The version of ROCm used to reproduce this problem is 5.5.0 RC5. Test was ran on two MI210s.

gcongiu commented 1 year ago

I verified this with rocm-5.5.0 stable release and the problem is also present there.

gcongiu commented 1 year ago

@ammarwa any update on this?

gcongiu commented 1 year ago

Added reproducer issue-113.tar.gz

ppanchad-amd commented 3 months ago

@gcongiu Apologies for the lack of response. Can you please check if your issue still exists with the latest ROCm 6.2? If so, we will further investigate the issue. Thanks!

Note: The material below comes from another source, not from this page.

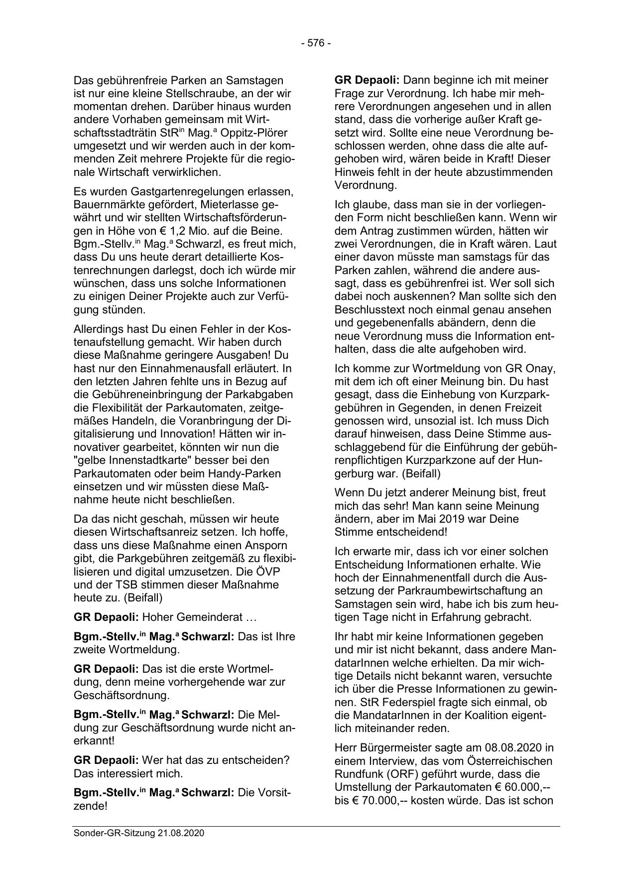 Umstellung der Parkautomaten € 60.000,-bis € 70.000,-- kosten würde. Das ist schon

sohaibnd commented 1 month ago

Hi @gcongiu, I have not been able to reproduce this on ROCm 6.2 using 2 MI210s and the reproducer code you provided. Can you try upgrading to ROCm 6.2 and check if the issue persists?

sohaibnd commented 1 month ago

@gcongiu I'm going to close this issue due to inactivity. If the issue is still present, feel free to re-open the ticket and we can look into it further.